* **Directions for this task**
Up to and including the line with "Wszechstronne zastosowania: Ta", repeat every line of the listing exactly, beginning at the first.

* **Source data**
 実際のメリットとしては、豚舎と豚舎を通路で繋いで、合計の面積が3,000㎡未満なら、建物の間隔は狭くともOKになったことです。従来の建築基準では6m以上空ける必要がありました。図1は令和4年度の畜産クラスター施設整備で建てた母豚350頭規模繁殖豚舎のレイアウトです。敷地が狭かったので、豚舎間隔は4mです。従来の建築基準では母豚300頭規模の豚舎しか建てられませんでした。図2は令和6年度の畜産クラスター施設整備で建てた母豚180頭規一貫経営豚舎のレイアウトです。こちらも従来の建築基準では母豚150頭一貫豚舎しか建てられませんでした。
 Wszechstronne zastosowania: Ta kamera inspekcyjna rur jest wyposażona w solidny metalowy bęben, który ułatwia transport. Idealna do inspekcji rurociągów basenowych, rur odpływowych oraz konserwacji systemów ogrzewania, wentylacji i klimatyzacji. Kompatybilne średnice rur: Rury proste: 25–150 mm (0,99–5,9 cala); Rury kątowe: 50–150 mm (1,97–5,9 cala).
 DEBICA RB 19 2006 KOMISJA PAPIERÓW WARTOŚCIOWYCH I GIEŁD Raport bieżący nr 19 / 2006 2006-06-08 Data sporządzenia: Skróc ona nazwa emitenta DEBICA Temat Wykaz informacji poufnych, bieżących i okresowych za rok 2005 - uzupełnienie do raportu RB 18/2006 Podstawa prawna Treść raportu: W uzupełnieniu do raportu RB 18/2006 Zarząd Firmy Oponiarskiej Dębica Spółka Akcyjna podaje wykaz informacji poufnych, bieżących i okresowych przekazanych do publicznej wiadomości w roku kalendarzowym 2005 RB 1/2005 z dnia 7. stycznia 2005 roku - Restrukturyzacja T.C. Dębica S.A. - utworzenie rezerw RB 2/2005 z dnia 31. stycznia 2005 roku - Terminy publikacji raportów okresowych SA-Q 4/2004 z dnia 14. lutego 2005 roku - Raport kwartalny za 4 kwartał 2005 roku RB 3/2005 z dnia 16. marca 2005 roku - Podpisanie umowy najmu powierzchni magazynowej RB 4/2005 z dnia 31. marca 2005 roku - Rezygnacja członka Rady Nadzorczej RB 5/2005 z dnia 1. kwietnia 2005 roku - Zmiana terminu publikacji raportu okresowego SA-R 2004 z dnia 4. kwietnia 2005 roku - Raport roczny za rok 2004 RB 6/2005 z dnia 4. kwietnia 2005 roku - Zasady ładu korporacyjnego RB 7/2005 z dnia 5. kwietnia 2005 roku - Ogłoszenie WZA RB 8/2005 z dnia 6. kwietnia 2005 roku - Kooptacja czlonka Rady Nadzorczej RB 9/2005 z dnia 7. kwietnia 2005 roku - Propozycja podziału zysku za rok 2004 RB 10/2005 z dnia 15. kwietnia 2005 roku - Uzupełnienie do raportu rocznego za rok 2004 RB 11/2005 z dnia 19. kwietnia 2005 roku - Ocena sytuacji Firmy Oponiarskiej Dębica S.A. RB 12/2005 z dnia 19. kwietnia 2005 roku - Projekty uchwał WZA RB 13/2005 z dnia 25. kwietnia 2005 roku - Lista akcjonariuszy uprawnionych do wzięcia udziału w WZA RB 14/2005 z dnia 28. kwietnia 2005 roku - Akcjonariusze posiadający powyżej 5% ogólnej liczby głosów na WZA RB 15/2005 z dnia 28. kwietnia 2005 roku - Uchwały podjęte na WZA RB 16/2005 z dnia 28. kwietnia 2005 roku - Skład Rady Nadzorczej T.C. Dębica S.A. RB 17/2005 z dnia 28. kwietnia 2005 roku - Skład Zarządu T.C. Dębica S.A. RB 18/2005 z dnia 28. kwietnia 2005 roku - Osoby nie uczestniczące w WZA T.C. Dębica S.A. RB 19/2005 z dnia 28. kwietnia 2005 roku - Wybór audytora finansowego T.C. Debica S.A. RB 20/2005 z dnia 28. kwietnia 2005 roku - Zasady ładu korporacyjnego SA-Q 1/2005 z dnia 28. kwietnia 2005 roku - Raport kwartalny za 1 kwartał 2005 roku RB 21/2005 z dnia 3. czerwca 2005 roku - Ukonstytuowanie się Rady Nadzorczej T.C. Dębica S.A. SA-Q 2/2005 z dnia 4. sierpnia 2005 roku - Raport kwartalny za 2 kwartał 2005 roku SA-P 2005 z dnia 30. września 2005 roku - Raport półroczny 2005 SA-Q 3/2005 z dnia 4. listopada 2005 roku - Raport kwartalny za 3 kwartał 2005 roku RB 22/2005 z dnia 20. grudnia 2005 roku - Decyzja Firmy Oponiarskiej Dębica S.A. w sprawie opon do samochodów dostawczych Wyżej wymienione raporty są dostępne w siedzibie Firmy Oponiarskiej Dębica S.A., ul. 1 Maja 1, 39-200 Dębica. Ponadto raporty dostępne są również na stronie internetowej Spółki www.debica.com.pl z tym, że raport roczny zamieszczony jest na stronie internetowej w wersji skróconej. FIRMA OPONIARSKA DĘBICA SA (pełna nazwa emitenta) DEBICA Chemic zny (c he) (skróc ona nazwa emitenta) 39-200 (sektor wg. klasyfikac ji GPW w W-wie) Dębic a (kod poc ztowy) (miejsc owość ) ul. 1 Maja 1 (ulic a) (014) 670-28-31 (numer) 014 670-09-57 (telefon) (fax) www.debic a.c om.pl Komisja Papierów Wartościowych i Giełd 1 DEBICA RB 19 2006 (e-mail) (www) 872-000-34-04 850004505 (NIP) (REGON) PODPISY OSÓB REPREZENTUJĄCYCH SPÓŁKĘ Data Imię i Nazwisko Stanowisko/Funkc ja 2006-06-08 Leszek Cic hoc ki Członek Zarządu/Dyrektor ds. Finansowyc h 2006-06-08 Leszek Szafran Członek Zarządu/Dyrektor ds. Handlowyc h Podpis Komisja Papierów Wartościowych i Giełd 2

* **Final answer**
 実際のメリットとしては、豚舎と豚舎を通路で繋いで、合計の面積が3,000㎡未満なら、建物の間隔は狭くともOKになったことです。従来の建築基準では6m以上空ける必要がありました。図1は令和4年度の畜産クラスター施設整備で建てた母豚350頭規模繁殖豚舎のレイアウトです。敷地が狭かったので、豚舎間隔は4mです。従来の建築基準では母豚300頭規模の豚舎しか建てられませんでした。図2は令和6年度の畜産クラスター施設整備で建てた母豚180頭規一貫経営豚舎のレイアウトです。こちらも従来の建築基準では母豚150頭一貫豚舎しか建てられませんでした。
 Wszechstronne zastosowania: Ta kamera inspekcyjna rur jest wyposażona w solidny metalowy bęben, który ułatwia transport. Idealna do inspekcji rurociągów basenowych, rur odpływowych oraz konserwacji systemów ogrzewania, wentylacji i klimatyzacji. Kompatybilne średnice rur: Rury proste: 25–150 mm (0,99–5,9 cala); Rury kątowe: 50–150 mm (1,97–5,9 cala).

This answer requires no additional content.